Por Joaquim Francisco de Carvalho*, no O Globo

Devido à desastrosa gestão imposta ao setor energético nestes últimos 12 anos, o racionamento de eletricidade só tem sido evitado pela queda da demanda, provocada pela recessão econômica. Mas isto não bastará para evitar apagões em futuro próximo, porque as mudanças climáticas comprometem a vazão dos rios e cerca de 70% da energia elétrica brasileira vêm de usinas hidrelétricas.

A bacia do São Francisco, por exemplo, está sendo devastada pela agropecuária, o que reduz a vazão dos rios, como aliás já se previa há mais de 40 anos. No entanto, em vez de agir no sentido de reverter esse processo, mediante o incentivo ao reflorestamento das nascentes e matas ciliares, o governo agrava-o, haja vista o disparatado projeto de transposição das águas daquele já minguante rio. Futuro sombrio também é previsível para as bacias do Tietê, Paraná, Paraíba e Iguaçu — e até para a Bacia Amazônica.

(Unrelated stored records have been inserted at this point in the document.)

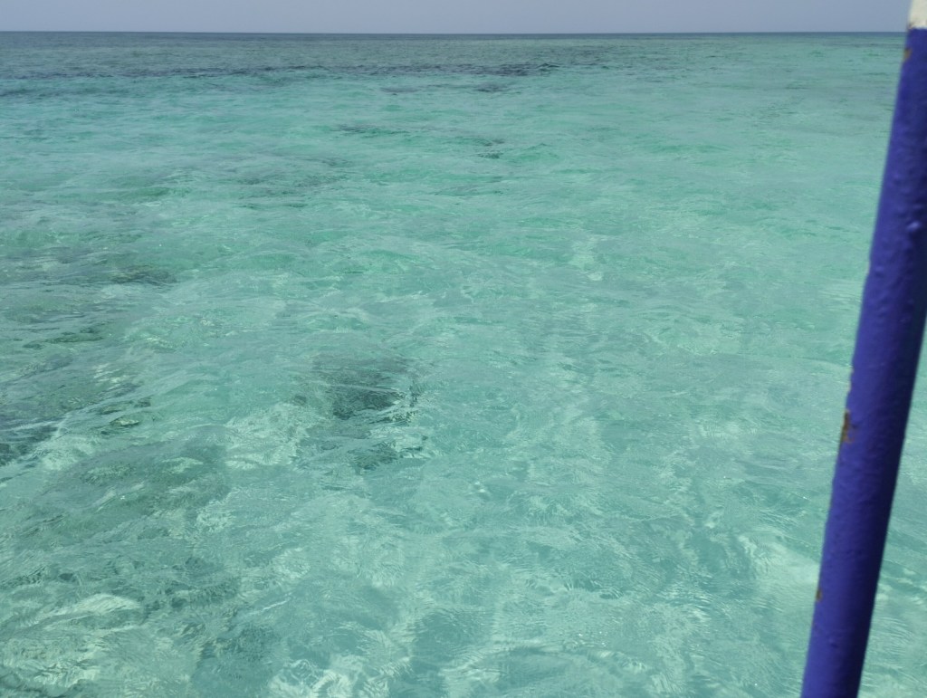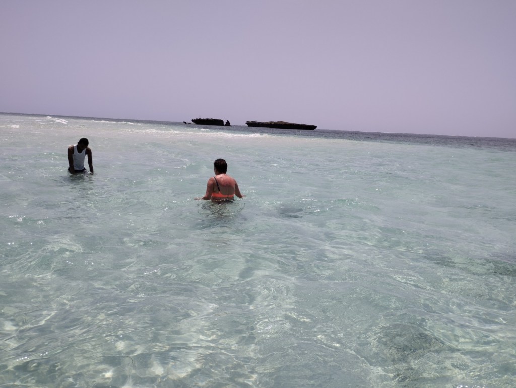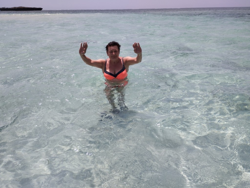 Po powrocie płyniemy jeszcze na skraj raf, gdzie na środku oceanu odpływ właśnie odkrywa powoli małą, piaszczystą wyspę, z fantastycznie w tym momencie zieloną i cieplutką wodą, co pozwala znowu wyskoczyć do wody i tym razem się po prostu popluskać. Raj, prawdziwy raj.
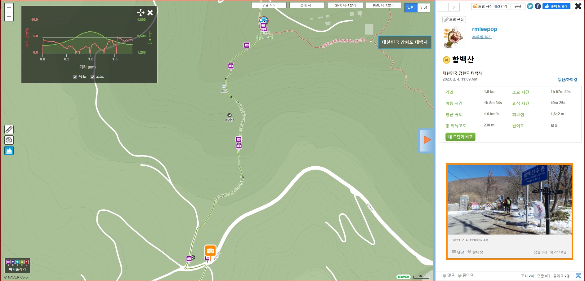 계획은 만항재 주차장에서 출발하려하였으나 1시간이 늦어져 약간 찝찝(?)하지만 계획을 변경하여 가장 단코스로 산행하기로 계획을 변경하였다(왕복 약 2Km )
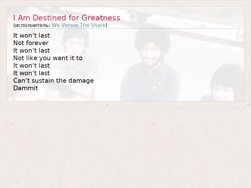 А как ты думаешь, о чем песня "I Am Destined for Greatness" ?

Como solução para esses problemas, o governo — em sua invencível inépcia — propõe a implantação de centrais nucleares, precisamente quando esta opção é abandonada por países da vanguarda tecnológica, como Alemanha, Bélgica, Suíça — e o Japão, que reativou apenas duas centrais nucleares das mais de 40 que operava antes da catástrofe de Fukushima.

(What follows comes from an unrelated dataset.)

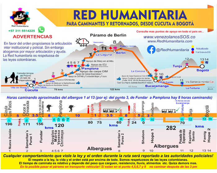 Debido a esta situación, un grupo de 300 voluntarios se juntó desde hace dos años para crear la red humanitaria que atiende a caminantes venezolanos en Cúcuta, Pamplona y Bucaramanga. Los migrantes encuentran en su camino 14 albergues donde les brindan alimentación y hospedaje temporal.
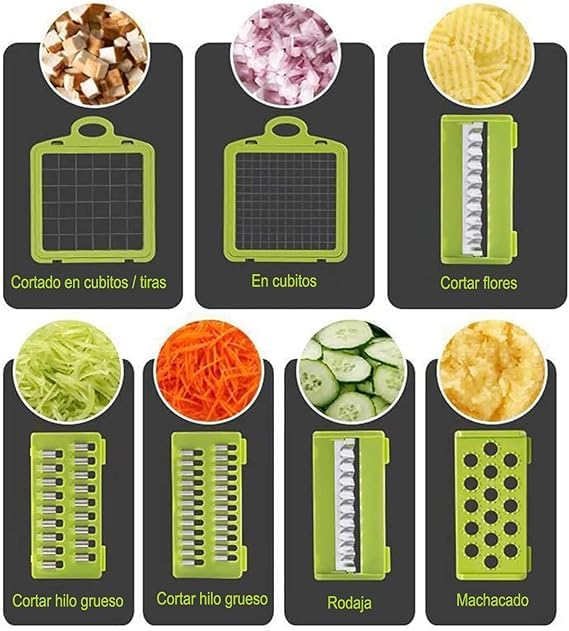 Generic - قطاعة خضروات 14 في 1: قطاعة الجبن والفواكه والكرفس والبطاطس والجزر وسلطة الفاكهة - هيكل بلاستيكي، شفرة من الفولاذ المقاوم للصدأ

Mesmo na França, que em termos relativos é o país mais nuclearizado do mundo, a Assembleia Nacional passou recentemente a lei da transição energética, lançando uma contagem regressiva para menor dependência da energia nuclear.

Os adeptos do tout nucleaire (como eu já fui, no passado) apontam a intermitência dos ventos e das radiações solares como desvantagem das fontes renováveis.

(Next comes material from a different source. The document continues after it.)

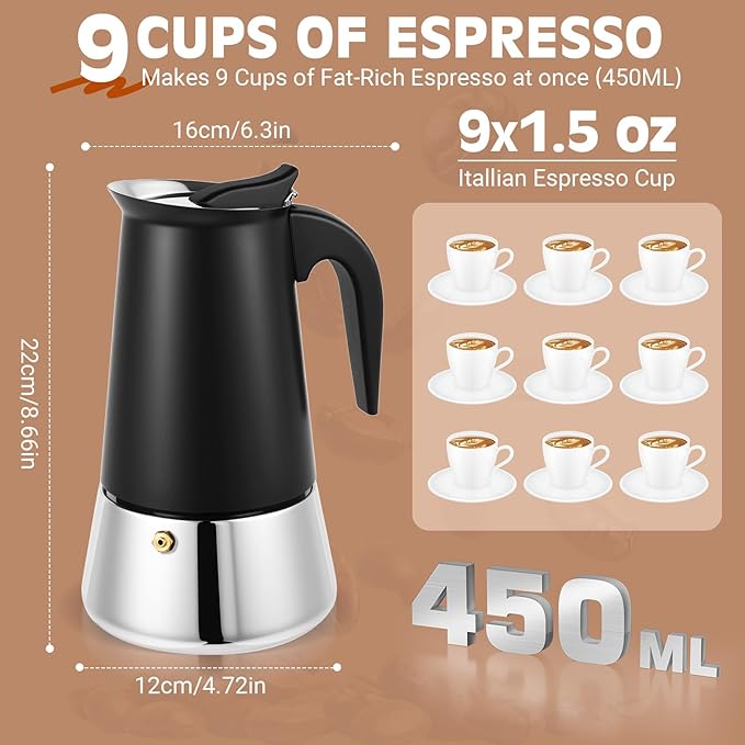 - LARGE CAPACITY OF 450 ML: Brews 9 cups' coffee, ideal for family brunches or outdoor activities. Easily prepares rich espresso with quick, efficient brewing

Ocorre que o aproveitamento das fontes renováveis pode ser muito aperfeiçoado. A implantação de malhas inteligentes (smart grids) para interligar as hidrelétricas com os parques eólicos e fotovoltaicos contribuiria para aumentar o fator de capacidade do parque hidrelétrico e para atenuar o problema da intermitência dos ventos e das radiações solares, por meio do chamado “efeito portfólio”, pelo qual, à semelhança de uma carteira de ações na bolsa de valores, a produção conjunta de todos os parques eólicos e fotovoltaicos varia menos do que as produções individuais de cada parque. E pode-se ainda aumentar muito a eficiência das turbinas eólicas e dos painéis solares.

Desperdícios de energia podem ser evitados nas malhas das empresas de distribuição, nas quais a desordem e o emaranhado de cabos nos postes induzem correntes que provocam perdas descomunais. Por fim, se houvesse planejamento energético e os institutos de pesquisa controlados pelo governo investissem no desenvolvimento de sistemas de armazenamento e transporte de energia em larga escala, muito poderia ser feito nesse campo.

Joaquim Francisco de Carvalho, mestre em Engenharia Nuclear e doutor em Energia, foi diretor da Nuclen (atual Eletronuclear)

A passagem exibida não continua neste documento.